What's the black cherry taste similar to ? 

I've got an idea of cherry cigars in mind ....


----------



## Silver (31/3/16)

Go for

Strawberry 5%
Menthol 10%

You could add more menthol. It just depends on the time of day or the device.

Reactions: Funny 5


----------



## Papa_Lazarou (31/3/16)

shaunnadan said:


> What's the black cherry taste similar to ?
> 
> I've got an idea of cherry cigars in mind ....

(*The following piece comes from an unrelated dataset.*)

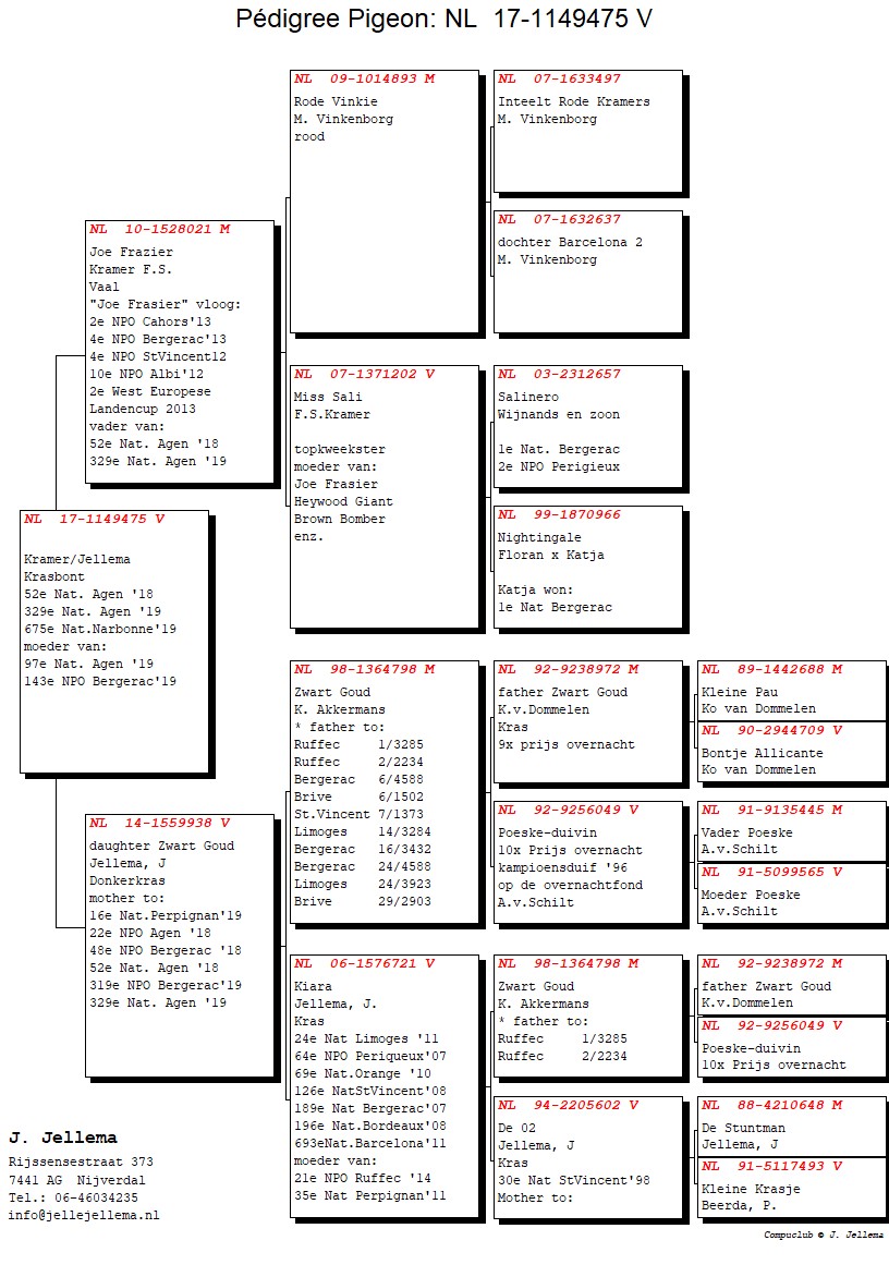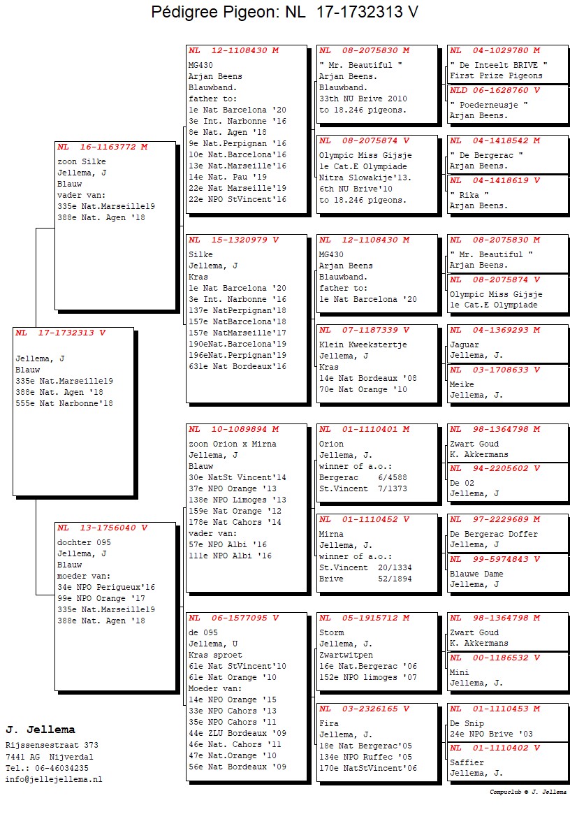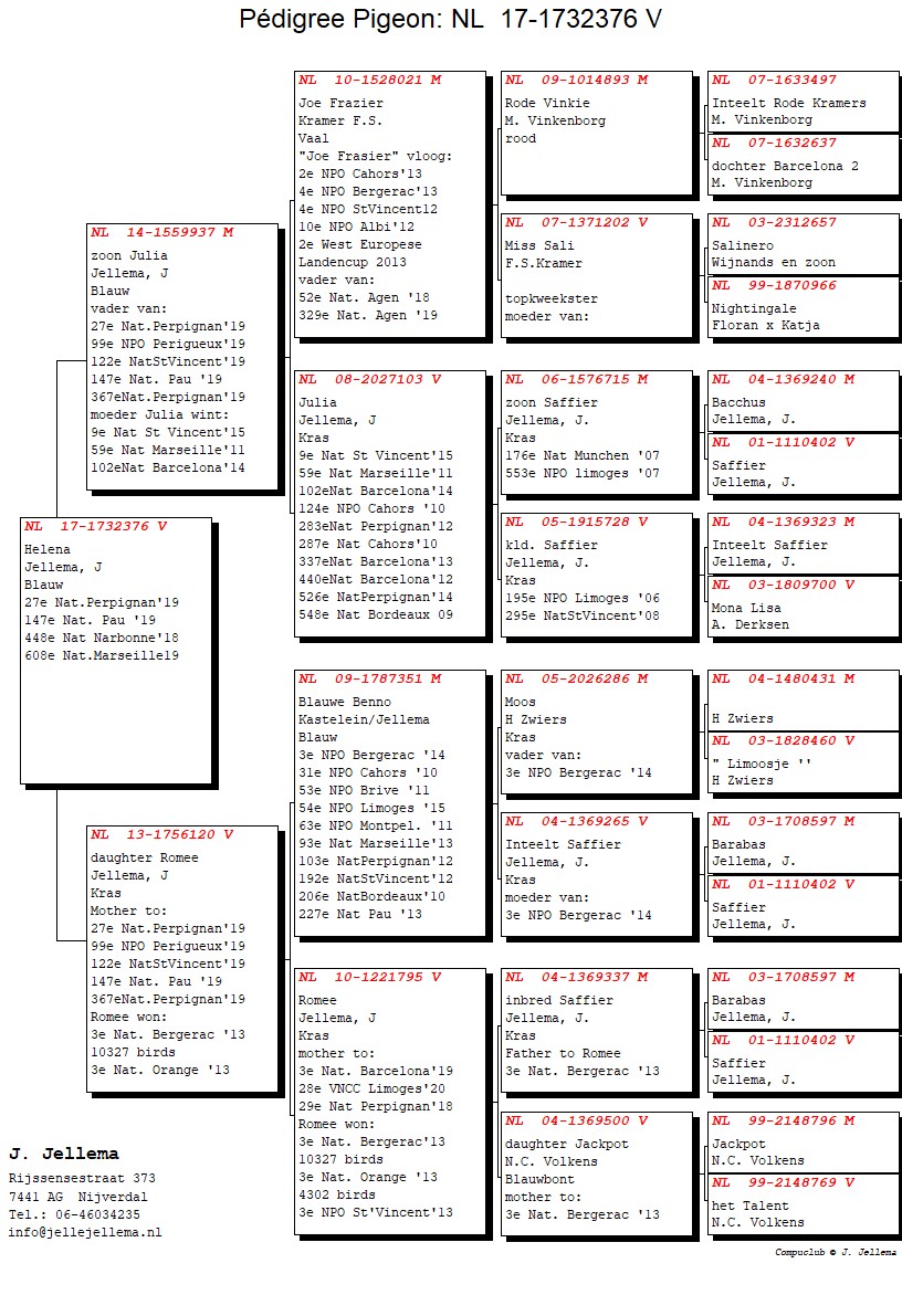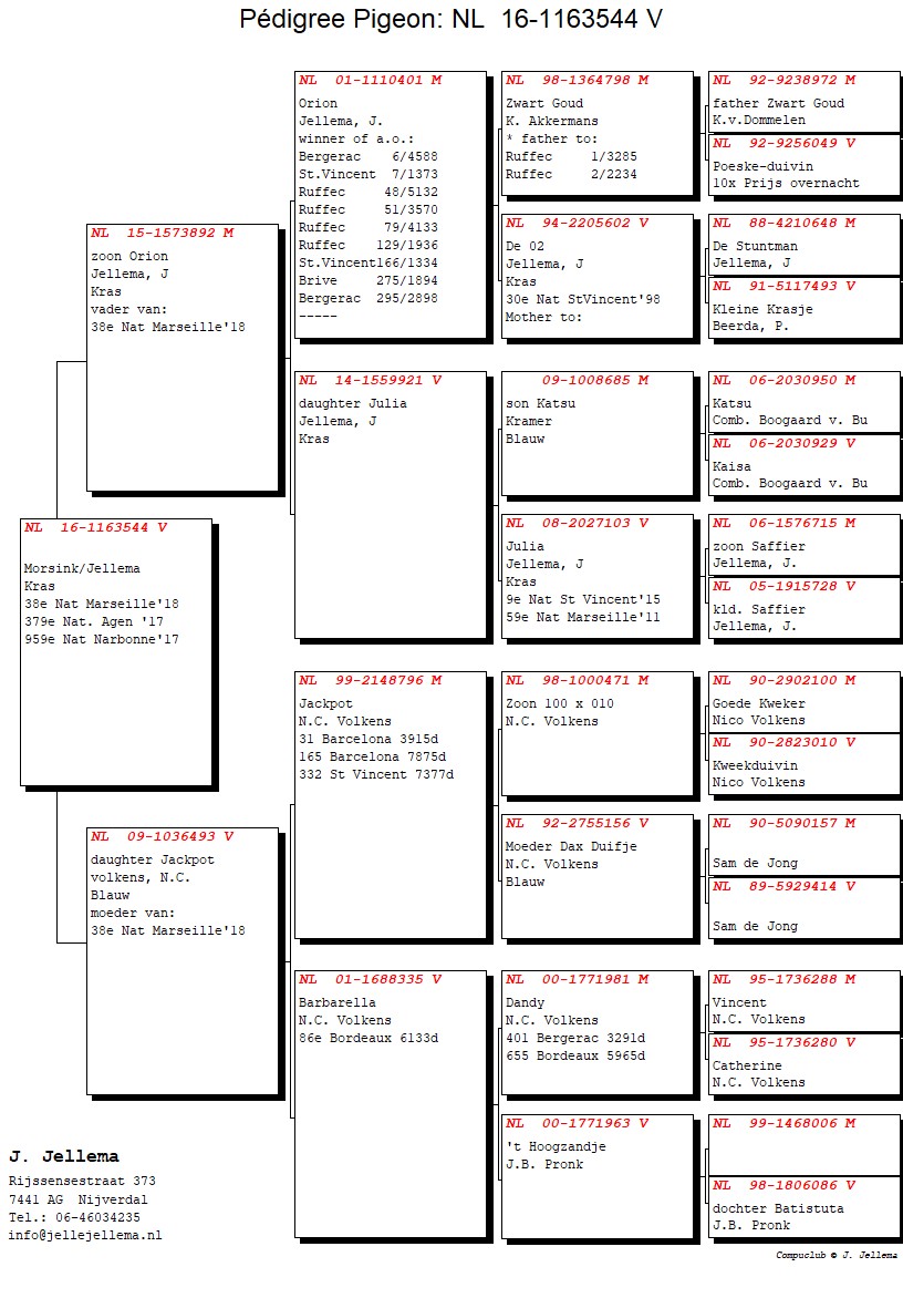 耶勒.耶勒瑪和巴賽隆納,總是被緊密聯繫在一起。很多年來,耶勒都在根據這項賽事選拔最優秀的賽鴿。只有最具實力的賽鴿才會被留下來,這樣的方法得到了回報。如同耶勒所說:你不能僅靠營養就在巴賽隆納取得好成績。遺傳扮演著更重要的角色,這就是汰選發揮的作用。耶勒再次做到了:他對巴賽隆納經典賽的完美駕馭,祝賀!

Black cherry is sweeter and heavier than 'regular' cherry - think "syrup" rather than "juice". It can overpower a profile and tends towards a fake taste if used above 5% (I find). It's got bottom sweetness on the inhale and sweeter than cherry nose on the exhale. You would not need sweetener with it.

Reactions: Informative 2


----------



## Papa_Lazarou (31/3/16)

Silver said:


> Go for
> 
> Strawberry 5%
> Menthol 10%
> ...



Ye gods, man. 10%! You just described...

Reactions: Like 1 | Winner 2


----------



## shaunnadan (31/3/16)

shaunnadan said:


> calling all diy juice enthusiasts
> 
> Help a friend out, these are his concentrates (assume all tfa)
> 
> ...



Where's your nana's recipe #1

Strawberry 7%
Dragon fruit 3 %
Banana 5%
Whipped cream 2%

Reactions: Like 1


----------



## Silver (31/3/16)

Papa_Lazarou said:


> Ye gods, man. 10%! You just described...
> 
> View attachment 49831



So true!!
Love my fishermans friend!
Strangely less so now that I am Vaping

Reactions: Like 1 | Funny 2


----------



## Lord Vetinari (31/3/16)

Papa_Lazarou said:


> Ye gods, man. 10%! You just described...
> 
> View attachment 49831


I thought that stuff was a South African thing loool... man I hate menthol.

Reactions: Like 1


----------



## yuganp (1/4/16)

Silver said:


> Go for
> 
> Strawberry 5%
> Menthol 10%
> ...


Be careful of the dilution of the menthol crystals to pg ratio. Sky-blue menthol is 60% menthol to 40% pg. I think that the menthol you use @Silver is VM menthol which tastes around 10% menthol to 90% pg. Tfa menthol is 2/3 menthol to 1/3 pg.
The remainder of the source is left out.